Simply put, this is a two-step process:

The first is to classify the articles, which is what we commonly call labeling the articles.
The second is to label users, that is, based on the types of articles they read, they will obtain corresponding interest preference tags. For example, if I like to read technology-related articles, then there is a great possibility that I will be labeled as a technology information user. The overall process is as follows;

So is it really that simple in practice? How are these two seemingly simple steps achieved?

First, let’s talk about classifying articles.

Because of this project, I looked at the article classifications of many competing apps and found that they are basically consistent, but there are also some differences in details. The more serious problem is that the classification of information articles is difficult to exhaust. We referred to the existing classifications on the market and combined with some materials to develop a complete content interest preference system. When specifying the classification, we followed the MECE principle and basically achieved mutual independence and complete exhaustiveness.

Next, we want to classify the articles, and we use supervised learning of classification algorithms. Ideally, the process would be something like this:

But in practice, we face two problems. Since we choose supervised learning, we must provide a basis of labeled samples. Generally, there are three ways to obtain samples:

One is to manually annotate the articles . The advantage is accuracy, but the disadvantage is low efficiency. The algorithm requires a large number of samples, and the cost is very high.
Another way is to train the model through keywords provided by some open source websites , such as those obtained from the Sogou vocabulary. The advantage is low cost, but the disadvantage is also obvious. Due to the inconsistent understanding of some classifications by different classification systems, the classification is not accurate enough, and a lot of manpower is required for correction in the later stage.
The third way is to cooperate with some information apps and obtain their articles and categories as samples. For example, Toutiao and UC, which are currently doing well, are good choices. We all tried it at that time (tears of bitterness).

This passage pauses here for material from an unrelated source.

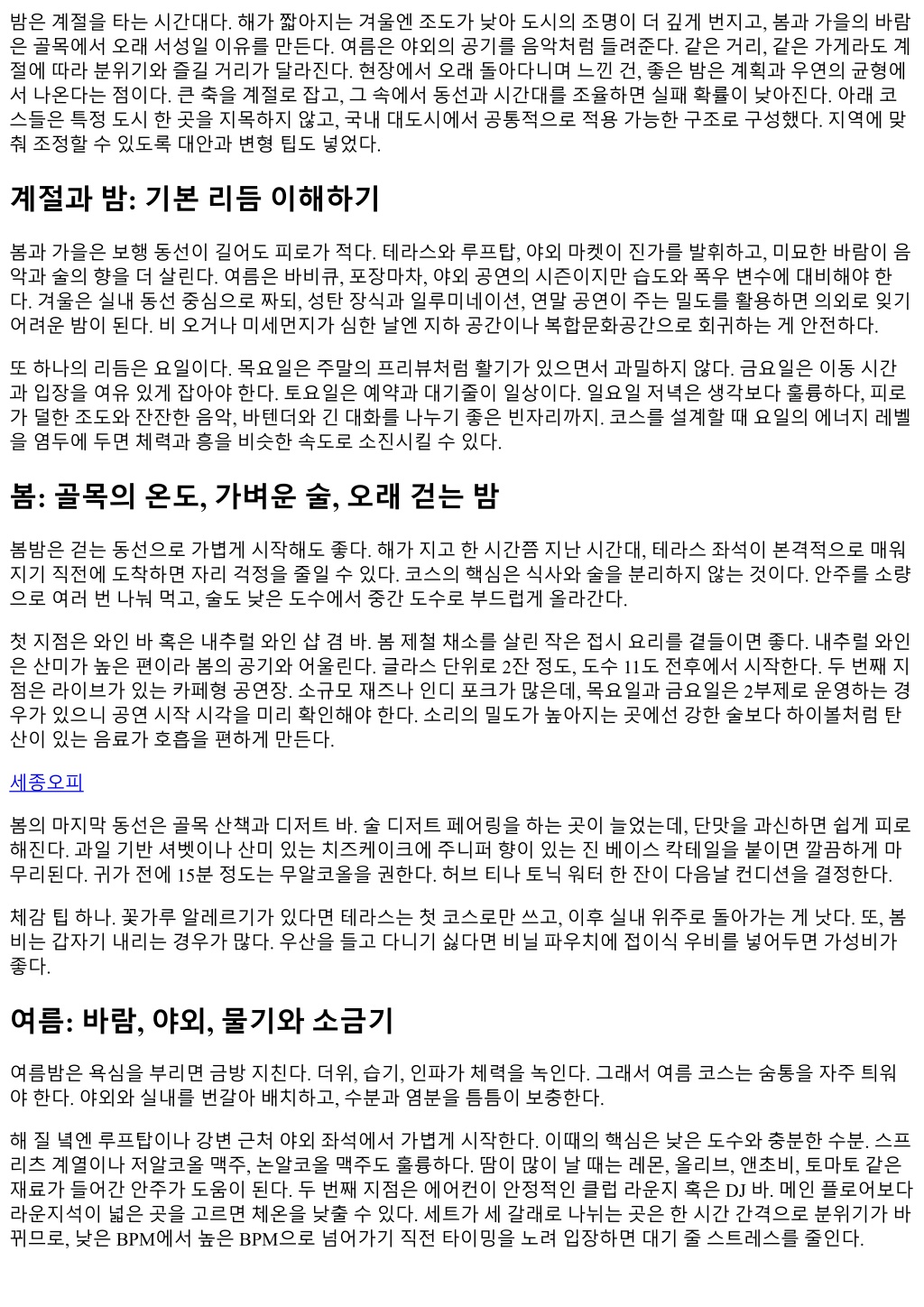 밤은계절을타는시간대다. 해가짧아지는겨울엔조도가낮아도시의조명이더깊게번지고, 봄과가을의바람 은골목에서오래서성일이유를만든다. 여름은야외의공기를음악처럼들려준다. 같은거리, 같은가게라도계 절에따라분위기와즐길거리가달라진다. 현장에서오래돌아다니며느낀건, 좋은밤은계획과우연의균형에 서나온다는점이다. 큰축을계절로잡고, 그속에서동선과시간대를조율하면실패확률이낮아진다. 아래코 스들은특정도시한곳을지목하지않고, 국내대도시에서공통적으로적용가능한구조로구성했다. 지역에맞 춰조정할수있도록대안과변형팁도넣었다. 계절과밤: 기본리듬이해하기 봄과가을은보행동선이길어도피로가적다. 테라스와루프탑, 야외마켓이진가를발휘하고, 미묘한바람이음 악과술의향을더살린다. 여름은바비큐, 포장마차, 야외공연의시즌이지만습도와폭우변수에대비해야한 다. 겨울은실내동선중심으로짜되, 성탄장식과일루미네이션, 연말공연이주는밀도를활용하면의외로잊기 어려운밤이된다. 비오거나미세먼지가심한날엔지하공간이나복합문화공간으로회귀하는게안전하다. 또하나의리듬은요일이다. 목요일은주말의프리뷰처럼활기가있으면서과밀하지않다. 금요일은이동시간 과입장을여유있게잡아야한다. 토요일은예약과대기줄이일상이다. 일요일저녁은생각보다훌륭하다, 피로 가덜한조도와잔잔한음악, 바텐더와긴대화를나누기좋은빈자리까지. 코스를설계할때요일의에너지레벨 을염두에두면체력과흥을비슷한속도로소진시킬수있다. 봄: 골목의온도, 가벼운술, 오래걷는밤 봄밤은걷는동선으로가볍게시작해도좋다. 해가지고한시간쯤지난시간대, 테라스좌석이본격적으로매워 지기직전에도착하면자리걱정을줄일수있다. 코스의핵심은식사와술을분리하지않는것이다. 안주를소량 으로여러번나눠먹고, 술도낮은도수에서중간도수로부드럽게올라간다. 첫지점은와인바혹은내추럴와인샵겸바. 봄제철채소를살린작은접시요리를곁들이면좋다. 내추럴와인 은산미가높은편이라봄의공기와어울린다. 글라스단위로 2잔정도, 도수 11도전후에서시작한다. 두번째지 점은라이브가있는카페형공연장. 소규모재즈나인디포크가많은데, 목요일과금요일은 2부제로운영하는경 우가있으니공연시작시각을미리확인해야한다. 소리의밀도가높아지는곳에선강한술보다하이볼처럼탄 산이있는음료가호흡을편하게만든다. 세종오피 봄의마지막동선은골목산책과디저트바. 술디저트페어링을하는곳이늘었는데, 단맛을과신하면쉽게피로 해진다. 과일기반셔벳이나산미있는치즈케이크에주니퍼향이있는진베이스칵테일을붙이면깔끔하게마 무리된다. 귀가전에 15분정도는무알코올을권한다. 허브티나토닉워터한잔이다음날컨디션을결정한다. 체감팁하나. 꽃가루알레르기가있다면테라스는첫코스로만쓰고, 이후실내위주로돌아가는게낫다. 또, 봄 비는갑자기내리는경우가많다. 우산을들고다니기싫다면비닐파우치에접이식우비를넣어두면가성비가 좋다. 여름: 바람, 야외, 물기와소금기 여름밤은욕심을부리면금방지친다. 더위, 습기, 인파가체력을녹인다. 그래서여름코스는숨통을자주틔워 야한다. 야외와실내를번갈아배치하고, 수분과염분을틈틈이보충한다. 해질녘엔루프탑이나강변근처야외좌석에서가볍게시작한다. 이때의핵심은낮은도수와충분한수분. 스프 리츠계열이나저알코올맥주, 논알코올맥주도훌륭하다. 땀이많이날때는레몬, 올리브, 앤초비, 토마토같은 재료가들어간안주가도움이된다. 두번째지점은에어컨이안정적인클럽라운지혹은 DJ 바. 메인플로어보다 라운지석이넓은곳을고르면체온을낮출수있다. 세트가세갈래로나뉘는곳은한시간간격으로분위기가바 뀌므로, 낮은 BPM에서높은 BPM으로넘어가기직전타이밍을노려입장하면대기줄스트레스를줄인다.

After obtaining the samples, the next step is to train and test the algorithm model. The training principle of the algorithm model is to segment sample articles, extract entities, establish feature engineering, use each feature word as a vector, and fit a function. In this way, when there is a new article, the article is segmented and the result is calculated through the model. However, the model cannot be accurate once the samples are collected; the model still needs to be tested and corrected. The general testing process is as follows:

A model that has passed the test is not a one-time solution. Some inaccurate classification problems may still occur in the later stage. This may be caused by the sample or the algorithm model. This requires us to find these abnormal articles and their classifications, correct the classifications, and feed them into the model again as training samples to correct the model. On the one hand, we can manually check articles in categories with relatively low conversion rates to determine whether the problem lies with the algorithm. In addition, here, since each article label is assigned a value, we can set a threshold for these values. When the highest value is lower than a certain threshold, these articles and their labels will be recalled, manually annotated and corrected, and then put into the sample library.

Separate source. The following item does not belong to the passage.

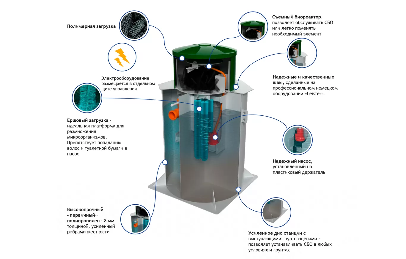 Даже если выключат электричество, СБО продолжает работать как септик, теряя только в качестве очистки воды

The calculation of article labels is that articles can have multiple labels, not some binary classification results. Therefore, the method we adopt is to use the similarity algorithm to calculate the label of the article and assign a value. The higher the value, the closer it is to this type of label, and it will be labeled accordingly.

At this point, the article tagging part has been completed.

How to tag users

There are actually two ways to label users: statistical labeling and algorithmic labeling.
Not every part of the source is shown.